Thanks for introducing me to a new method.
I was expecting a slightly different result:
12.667502623997947

I’ve played around with numpy.r_, however, I did not manage to find the above result.

The below question might deserve another topic about numpy.r_

Why is the result significantly different if I remove len(taxi_modified) ?

``````taxi_modified[np.r_[:1800,1802:], 7].mean()
``````

In addition, I thought the reported end bound index is not included in the slicing and to have it included, I need to add one. However, I end up with an error when running the below code:

``````end_bound = len(taxi_modified) + 1
taxi_modified[np.r_[:1800,1802:end_bound], 7].mean()

``````

Error:

``````IndexError: index 89560 is out of bounds for axis 0 with size 89560

``````

I did the below experiment:

• create an array [ 1 2 3 4 5 6 7 8 9 10]
• slice the array by removing the number 5. Expected result: [ 1 2 3 4 6 7 8 9 10]
``````tab = np.array([1,2,3,4,5,6,7,8,9,10])

print(tab)

end = int(len(tab)+1)
tab = np.r_[:5,6:end]

print(tab)

tab = np.r_[1:5,6:end]

print(tab)
``````

which gives me the below result:

``````[ 1  2  3  4  5  6  7  8  9 10]
[ 0  1  2  3  4  6  7  8  9 10]
[ 1  2  3  4  6  7  8  9 10]
``````

I don’t understand why there is a 0 in the second array that I print.
In order to get the result that I expected, I had slice by adding a 1 : tab = np.r_[1:5,6:end]

1 Like

Thanks for your reply, I haven’t learned Panda yet. Might get your point a bit later in my studies. Cheers !

Thanks for the contribution, I understand that there is no absolute response and it is more about a business analysis consideration. Appreciate the share of your reasoning.

That is because of precision difference
See the different results between python `sum` and numpy `np.sum`

``````>>> p_sum = sum(taxi_modified[np.r_[0:1800,1802:len(taxi_modified)], 7])
>>> n_sum = np.sum(taxi_modified[np.r_[0:1800,1802:len(taxi_modified)], 7])
>>> p_sum, n_sum
(1134476.200000008, 1134476.2000000002)
``````

if you use python `sum` you will get your expected output

``````>>> p_sum / (len(taxi_modified)-2)
12.667502623997947
``````

while using numpy `np.sum`

``````>>> n_sum / (len(taxi_modified)-2)
12.667502623997859
``````

gives simiar to `taxi_modified[np.r_[:1800,1802:len(taxi_modified)], 7].mean()` so i guess `mean` internally using `np.sum` but i am not sure.

You don’t have to include extra `1` as index start with `0` so it already covering upto latst element of array.
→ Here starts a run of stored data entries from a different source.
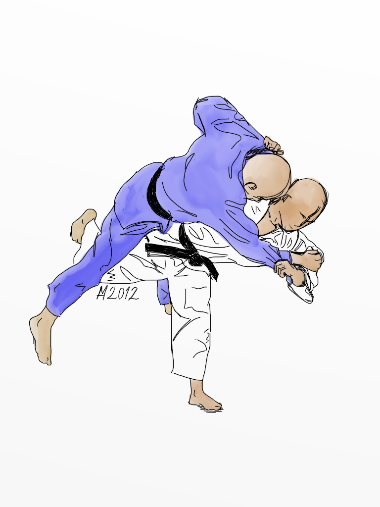 Illustration of the judo throw known as uchimata, or inner-thigh-throw, where you turn in front of the opponent and throw the opponent by sweeping your leg between the legs of the opponent.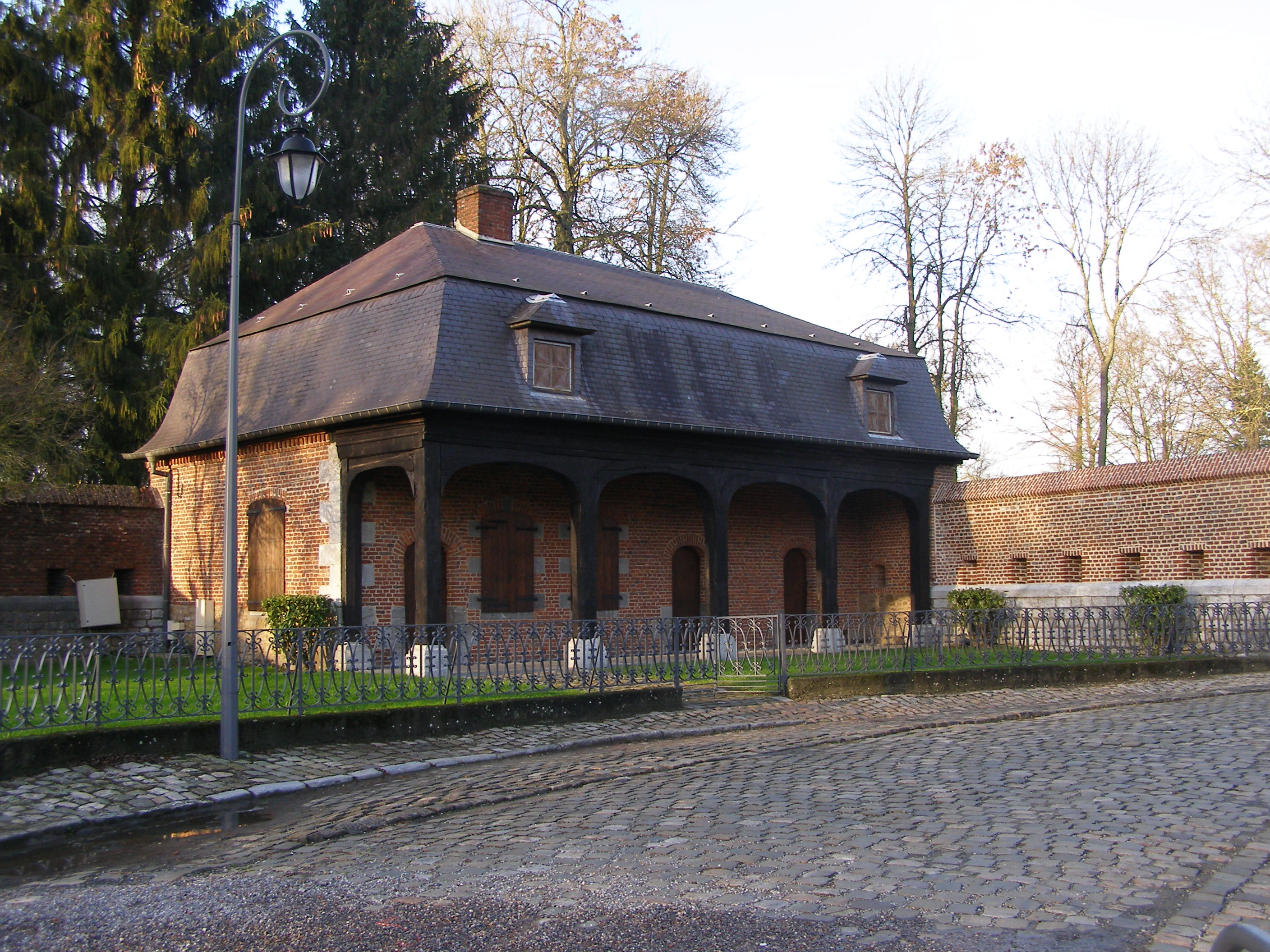 Vauban, ramparts: the guardhouse.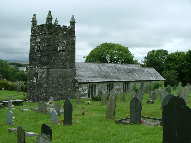 St Werburgh's Church, Warbstow. Dated 1601, restored 1861.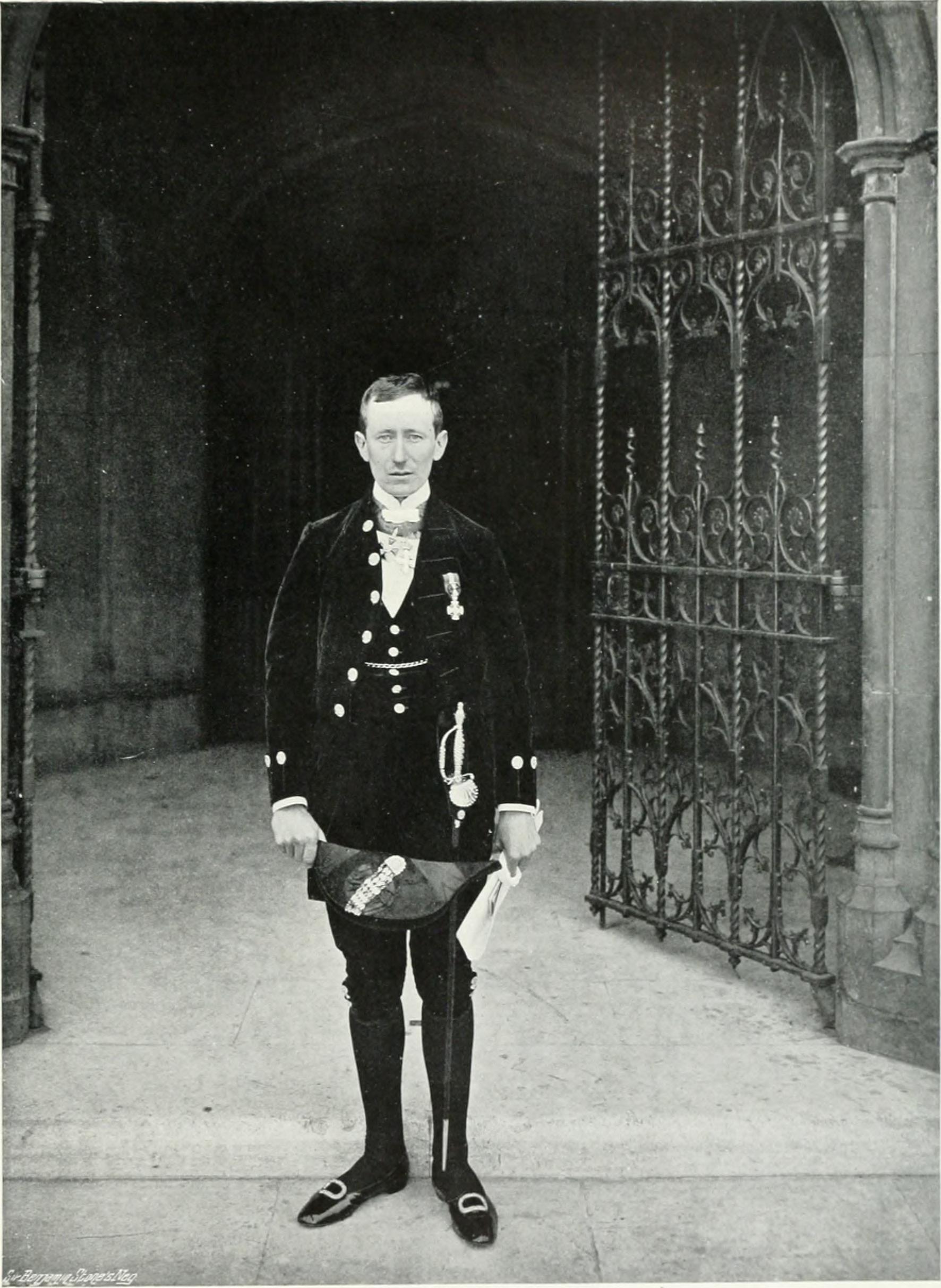 Title: Sir Benjamin Stone's pictures; records of national life and history reproduced from the collection of photographs made by Sir Benjamin Stone, M.P Year: 1906 (1900s) Authors: Stone, John Benjamin, Sir, 1838-1914 MacDonagh, Michael, 1862-1946 Subjects: Great Britain. Parliament Statesmen Publisher: London : Cassell Text Appearing Before Image: hrough space, and affect a sensitive instrument, tunedto receive its vibrations, several miles away. Thisdiscovery gave to the youthful Marconi the idea of theabolition of the telegraph wire, as but a clumsy devicefor instant communication between distant lands. Itexercised a powerful fascination over his imagination,and spurred the inventive faculty and the delight inelectrical experiments which he had displayed even inhis earliest schoolboy days. After years of painstaking and exhaustive investi-gations on his fathers estate in Italy, he invented twoinstruments of weird and almost uncanny powers—a transmitter which sends a message on a magneticwave from one continent to another, across thousands ofmiles of sea, undisturbed even by the swift and over-2)owering rush and roar of the tempest; and a receiver,which registers the communication almost the momentafter it has been despatched! Thus did ChevalierMarconi rise to a position of the highest repute amongscientific discoverers. s« Text Appearing After Image: '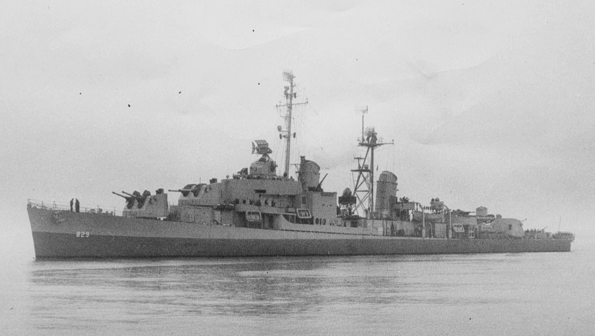 The U.S. Navy destroyer USS Myles C. Fox (DD-829) off of Boston, Massachusetts (USA), on 30 April 1945.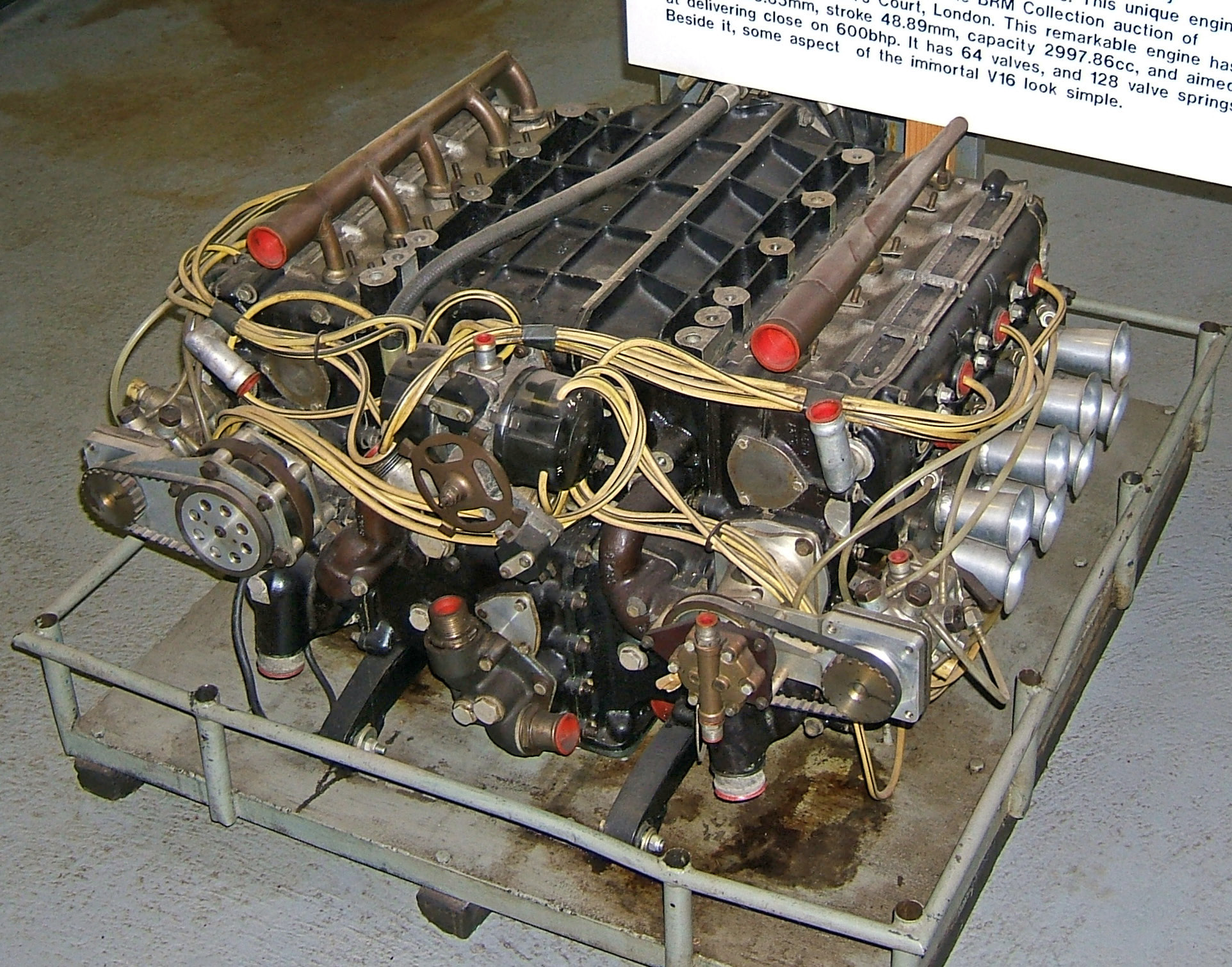 A British Racing Motors H16 Formula One engine. This is the final, 1968, 64-valve incarnation of the design. At the Donington Collection museum, Leicestershire, England, UK.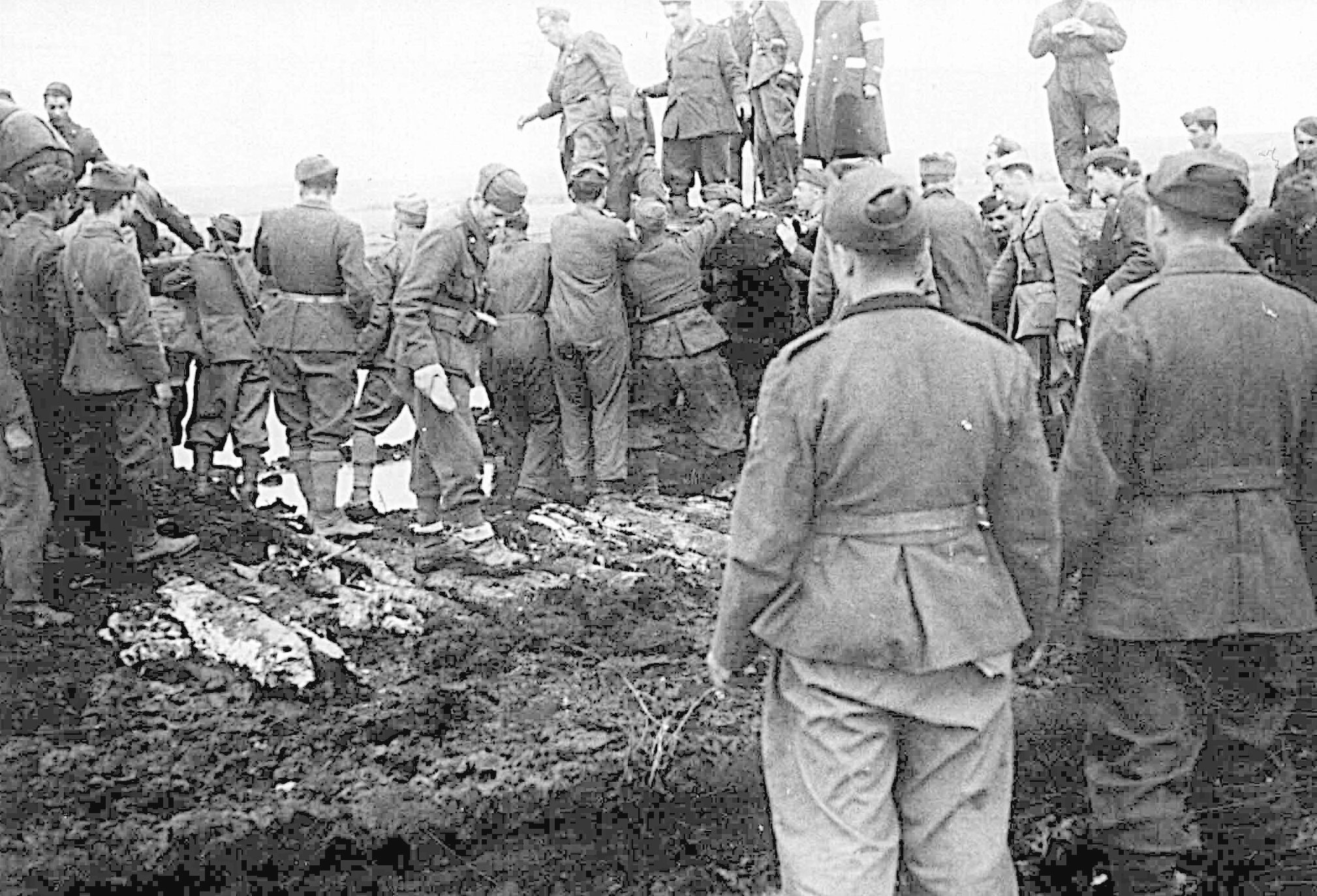 Italians repairing a road during the Second Battle of Kharkov after Soviet bombing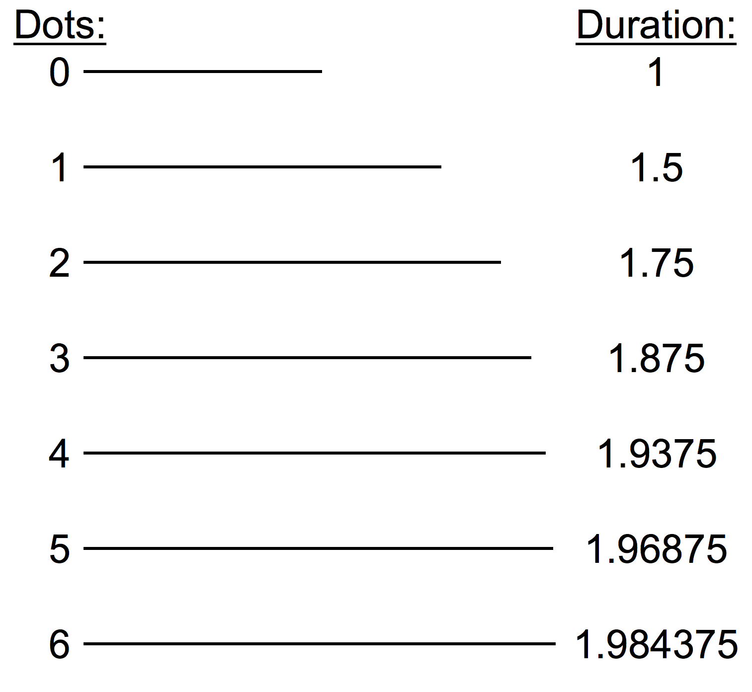 Dotted notes represented as lines, with lengths indicated.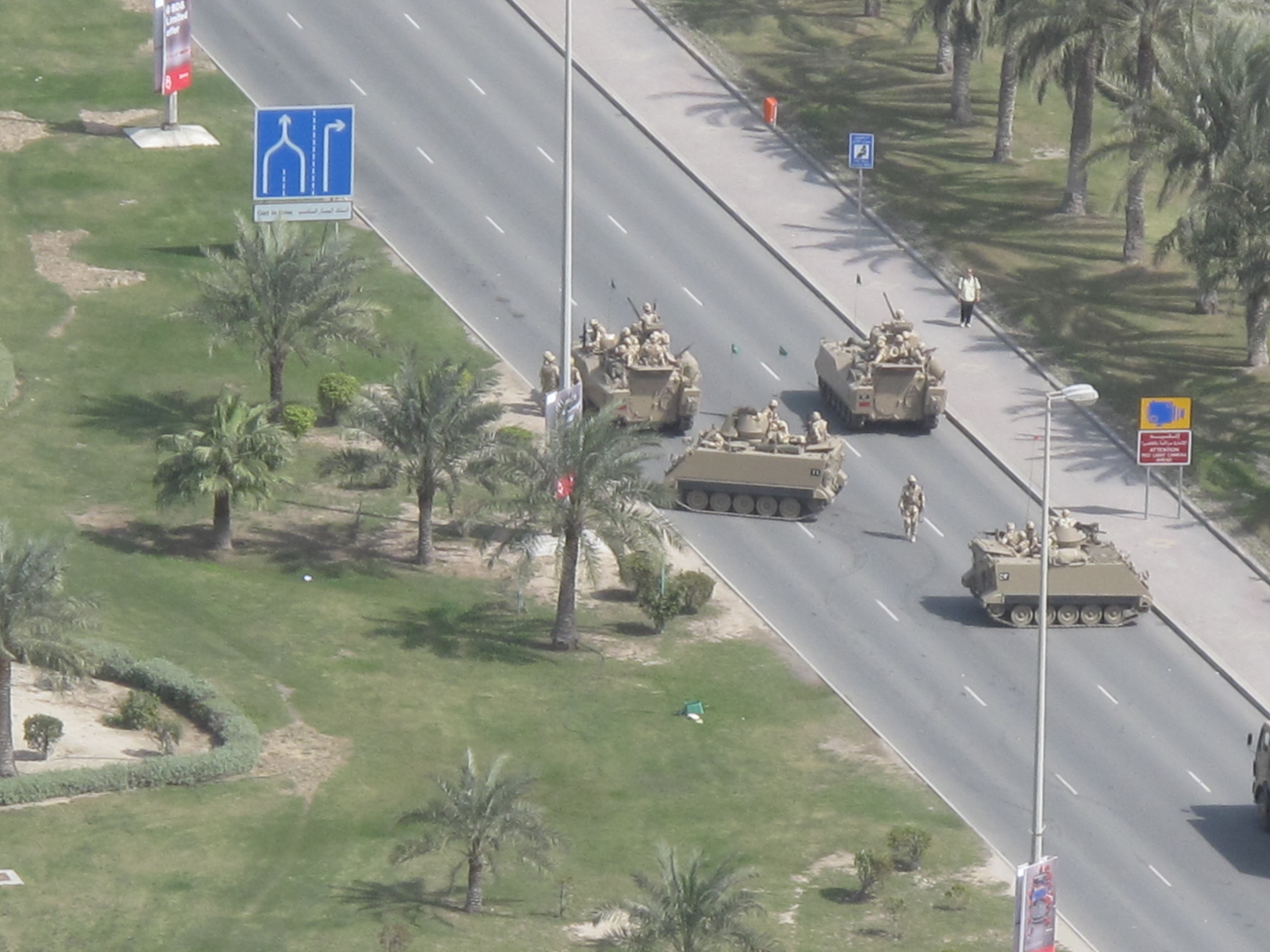 Army tanks blocking the road to Pearl roundabout

Here again you don’t have to add extra `1` in `end`. and second here using `np.r_` we are generating indices for our array so after generating indices you have to slice it with `array` and more you want to ignore 5th value which means 4th index so while generating indices we should ignore `4`
Hence it should be

``````end = len(tab)                 # removed extra `1`
tab = tab[np.r_[:4,6:end]]     # Slicing with array `tab` and ignore 4th index instead of 5th
``````

See the doc that says

So `np.r_[:1800, 1802:]` similar to concatenation of `np.arange(start=None, stop=1800)` and `np.arange(start=1802, stop=None)` but i dont know why it returning result when `stop=None` in second slicing.